您的位置:首页 > 运维架构

爱尚实训解析|hadoopHA的安装

2018-02-07 13:14 204 查看


主机规划

机器名

域名

IP地址

 
Hdp-01

192.168.33.31

Namenode(1.1)、DFSZKFailoverController(zkfc)

Hdp-02

192.168.33.32

Namenode(1.2)、DFSZKFailoverController(zkfc)

Hdp-03

192.168.33.33

resourceManager

Hdp-04

192.168.33.34

resourceManager

Hdp-05

192.168.33.35

datanode、nodeManager、zookeeper(QuorumPeerMain)、journalNode

Hdp-06

192.168.33.36

datanode、nodeManager、zookeeper(QuorumPeerMain)、journalNode

Hdp-07

192.168.33.37

datanode、nodeManager、zookeeper(QuorumPeerMain)、journalNode

一、安装zookeeper

所有机器进行域名配置

[hadoop@hdp-05 conf]$ vi /etc/hosts

127.0.0.1 localhost localhost.localdomain localhost4 localhost4.localdomain4

::1 localhost localhost.localdomain localhost6 localhost6.localdomain6

192.168.33.31 hdp-01

192.168.33.32 hdp-02

192.168.33.33 hdp-03

192.168.33.34 hdp-04

192.168.33.35 hdp-05

192.168.33.36 hdp-06

192.168.33.37 hdp-07

在Hdp-05、Hdp-06、Hdp-07上安装zookeeper

1. 先将zookeeper拷贝到hdp-05上,解压到/home/hadoop/apps下

[hadoop@hdp-05 ~]$ tar -zxvf zookeeper-3.4.5.tar.gz -C apps/

然后可以删除刚才拷贝的的zookeeper了

[hadoop@hdp-05 ~]$ rm -f zookeeper-3.4.5.tar.gz

2. 进入到zookeeper的安装目录下:

cd /home/hadoop/apps/zookeeper-3.4.5

删除zookeeper下的一些不必要的文件

[hadoop@hdp-05 zookeeper-3.4.5]$ rm -rf *.xml *.txt docs src *.asc *.md5 *.sha1

[hadoop@hdp-05 zookeeper-3.4.5]$ rm -rf dist-maven/

目前目录结构

[hadoop@hdp-05 zookeeper-3.4.5]$ ll

总用量1308

drwxr-xr-x. 2 hadoop hadoop 4096 1月 22 22:34 bin

drwxr-xr-x. 2 hadoop hadoop 4096 1月 22 22:34 conf

drwxr-xr-x. 10 hadoop hadoop 4096 1月 22 22:34 contrib

drwxr-xr-x. 4 hadoop hadoop 4096 1月 22 22:34 lib

drwxr-xr-x. 5 hadoop hadoop 4096 1月 22 22:34 recipes

-rw-r--r--. 1 hadoop hadoop 1315806 11月 5 2012 zookeeper-3.4.5.jar

3. 进入到conf下,修改配置文件

[hadoop@hdp-05 zookeeper-3.4.5]$ cd conf/

将配置文件改名

[hadoop@hdp-05 conf]$ mv zoo_sample.cfgzoo.cfg

4. 编辑zoo.cfg

[hadoop@hdp-05 conf]$ vi zoo.cfg

# The number of milliseconds of each tick

tickTime=2000

# The number of ticks that the initial

# synchronization phase can take

initLimit=10

# The number of ticks that can pass between

# sending a request and getting an acknowledgement

syncLimit=5

# the directory where the snapshot is stored.

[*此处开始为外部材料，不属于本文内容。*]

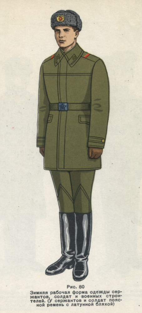 Параллельно, еще с 1958 года, на снабжение рабочих военно-строительных отрядов стала поступать эта же ватная двубортная куртка, но в качестве основного предмета выходного и рабочего обмундирования [20]. Отличительной особенностью курток военных строителей были знаки различия в виде ромбовидных петлиц черного цвета, нашиваемых на воротнике. Погоны рабочим ВСО, да и то для выходного обмундирования (с оставлением старых петлиц), были введены только в 1961 году [21]. В 1964 году ношение погон было распространено и на ватную куртку для рабочего обмундирования военных строителей [22]. В 1966 году военным строителям вместо ватной куртки для выходной формы одежды была введена шинель, аналогичная общеармейской [23].

# do not use /tmp for storage, /tmp here is just

# example sakes.

#存放数据的目录

dataDir=/home/hadoop/zkdata

# the port at which the clients will connect

clientPort=2181

#

# Be sure to read the maintenance section of the

# administrator guide before turning on autopurge.

#

# http://zookeeper.apache.org/doc/current/zookeeperAdmin.html#sc_maintenance
#

# The number of snapshots to retain in dataDir

#autopurge.snapRetainCount=3

# Purge task interval in hours

# Set to "0" to disable auto purge feature

#autopurge.purgeInterval=1

server.1=hdp-05:2888:3888

server.2=hdp-06:2888:3888

server.3=hdp-07:2888:3888

5. 创建/home/hadoop/zkdata目录,并创建文件myid,写入节点id “1”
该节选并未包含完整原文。